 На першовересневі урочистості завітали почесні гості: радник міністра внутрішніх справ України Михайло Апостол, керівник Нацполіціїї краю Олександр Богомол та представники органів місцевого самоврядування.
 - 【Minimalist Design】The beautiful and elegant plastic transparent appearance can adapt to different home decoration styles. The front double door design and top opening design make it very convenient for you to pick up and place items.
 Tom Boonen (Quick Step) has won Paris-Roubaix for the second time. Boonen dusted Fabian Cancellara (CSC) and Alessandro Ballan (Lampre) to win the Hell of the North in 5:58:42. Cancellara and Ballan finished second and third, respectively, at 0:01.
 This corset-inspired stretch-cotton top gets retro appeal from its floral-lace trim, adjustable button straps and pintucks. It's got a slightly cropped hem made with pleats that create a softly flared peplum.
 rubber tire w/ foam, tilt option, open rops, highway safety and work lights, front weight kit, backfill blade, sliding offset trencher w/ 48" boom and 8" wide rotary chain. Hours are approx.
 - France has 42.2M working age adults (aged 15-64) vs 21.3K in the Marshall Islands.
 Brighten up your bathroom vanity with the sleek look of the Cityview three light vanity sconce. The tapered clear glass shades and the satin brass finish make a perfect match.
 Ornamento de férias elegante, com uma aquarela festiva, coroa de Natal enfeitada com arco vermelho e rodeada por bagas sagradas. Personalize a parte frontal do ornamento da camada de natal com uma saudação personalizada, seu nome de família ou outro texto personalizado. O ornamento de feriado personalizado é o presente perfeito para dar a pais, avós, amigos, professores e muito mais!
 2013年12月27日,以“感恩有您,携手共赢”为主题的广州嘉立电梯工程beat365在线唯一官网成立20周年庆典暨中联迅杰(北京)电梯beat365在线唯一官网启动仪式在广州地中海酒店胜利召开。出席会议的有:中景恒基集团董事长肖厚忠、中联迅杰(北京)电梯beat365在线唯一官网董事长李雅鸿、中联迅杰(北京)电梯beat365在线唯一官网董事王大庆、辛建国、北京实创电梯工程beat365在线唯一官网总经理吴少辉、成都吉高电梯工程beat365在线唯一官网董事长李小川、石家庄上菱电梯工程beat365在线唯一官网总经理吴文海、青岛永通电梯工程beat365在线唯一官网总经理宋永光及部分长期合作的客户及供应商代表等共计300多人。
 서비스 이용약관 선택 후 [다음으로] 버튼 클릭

################

When a line in the data contains the string "make", copy that line.

 - 【Minimalist Design】The beautiful and elegant plastic transparent appearance can adapt to different home decoration styles. The front double door design and top opening design make it very convenient for you to pick up and place items.
 Brighten up your bathroom vanity with the sleek look of the Cityview three light vanity sconce. The tapered clear glass shades and the satin brass finish make a perfect match.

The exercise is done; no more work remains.